Alhaiya Bilaval
- Thaat: Bilaval
- Type: Shadava-sampurna
- Time of day: Early Morning (Din ka Pratham Prahar-4 a.m-8 a.m
- Arohana: S ^{G}R G P ^{N}D N S'
- Avarohana: S' ^{N}D n D P M G ^{M}R S
- Pakad: G R G P m G m R G P D n D P
- Vadi: Dha
- Samavadi: Ga
- Synonym: Alhaiya Bilawal
- Similar: Bilawal; Devgiri Bilawal; Shukla Bilawal; Kakubh Bilawal;

= Alhaiya Bilaval =

Hindustani classical raga

Alhaiya Bilaval is a Hindustani classical raga. It is the most commonly performed raga of a large group of ragas that are mainly based on a scale more or less identical to the Western major scale. For this reason, that scale itself is known as the Bilaval thaat. It is often simply referred to as Bilaval. Although in the 17th century, Alhaiya and Bilaval may have been separate ragas.
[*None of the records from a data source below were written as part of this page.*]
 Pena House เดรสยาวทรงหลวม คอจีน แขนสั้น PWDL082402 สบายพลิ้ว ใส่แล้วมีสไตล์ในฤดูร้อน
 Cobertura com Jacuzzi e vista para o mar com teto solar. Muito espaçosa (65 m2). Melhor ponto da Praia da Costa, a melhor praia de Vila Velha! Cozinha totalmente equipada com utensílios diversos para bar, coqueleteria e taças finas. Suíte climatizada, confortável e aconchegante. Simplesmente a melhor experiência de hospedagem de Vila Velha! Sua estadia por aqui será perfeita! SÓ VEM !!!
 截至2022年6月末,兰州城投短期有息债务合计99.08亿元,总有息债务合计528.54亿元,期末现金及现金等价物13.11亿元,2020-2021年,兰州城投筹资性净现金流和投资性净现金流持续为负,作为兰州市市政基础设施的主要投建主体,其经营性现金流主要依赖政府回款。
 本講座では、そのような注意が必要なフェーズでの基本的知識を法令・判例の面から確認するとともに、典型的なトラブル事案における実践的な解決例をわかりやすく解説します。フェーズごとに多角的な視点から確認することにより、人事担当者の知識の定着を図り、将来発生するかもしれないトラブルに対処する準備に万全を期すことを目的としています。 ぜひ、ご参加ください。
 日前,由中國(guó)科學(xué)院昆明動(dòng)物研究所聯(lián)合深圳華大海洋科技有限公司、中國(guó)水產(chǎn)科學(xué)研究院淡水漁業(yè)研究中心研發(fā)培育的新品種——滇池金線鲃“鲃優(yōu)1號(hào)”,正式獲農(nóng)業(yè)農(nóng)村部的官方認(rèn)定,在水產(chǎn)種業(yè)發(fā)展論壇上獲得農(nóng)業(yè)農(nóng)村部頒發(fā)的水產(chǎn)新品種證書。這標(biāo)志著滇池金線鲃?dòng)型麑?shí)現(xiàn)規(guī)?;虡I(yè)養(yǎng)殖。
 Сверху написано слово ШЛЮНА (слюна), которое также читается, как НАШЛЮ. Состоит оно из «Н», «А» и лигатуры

Alhaiya Bilaval is a raga in which M is the main key.

==Character==
Thaat: Bilaval

===Arohana, Avarohana and Pakad===
Arohana: S R G P D N S'

Avarohana: S'N D Ṉ D P M G R S

Pakad: G R G P M G M R G P M G M R S

===Vadi and Samavadi===
Vadi: Dhaivat

Samavadi: Gandhar

Komal Swar: N (Vakra) in Avarohana

Varjit Swar: M in Arohana

===Related ragas===
Alhaiya Bilaval is referred to as Bilaval; however, the Shuddha Bilaval can also be referred to as Bilaval.
Bilaval, Shuddha Bilawal, Devgiri Bilawal, Shukla Bilawal, Kakubh Bilawal

===Time===
1st Prahar of the Day (6AM to 9AM)

===Rasa===
It is filled with Shant Rasa (peaceful).

===The Indian National Anthem's Raga===

It is believed that the Indian national anthem "Jana Gana Mana" is sung in the raga Alhaiya Bilaval. But there is a teevra Madhyam svara being employed in the national anthem too. Raga Alhaiya Bilaval does not employ the tivra Madhyama svara; Alhaiya Bilaval is the raga of all Shuddha Svaras and no other types of svaras. So some consider the national anthem to be in raag Gaud Sarang.

==Literature==
Bor, Joep (ed). Rao, Suvarnalata; der Meer, Wim van; Harvey, Jane (co-authors) The Raga Guide: A Survey of 74 Hindustani Ragas. Zenith Media, London: 1999.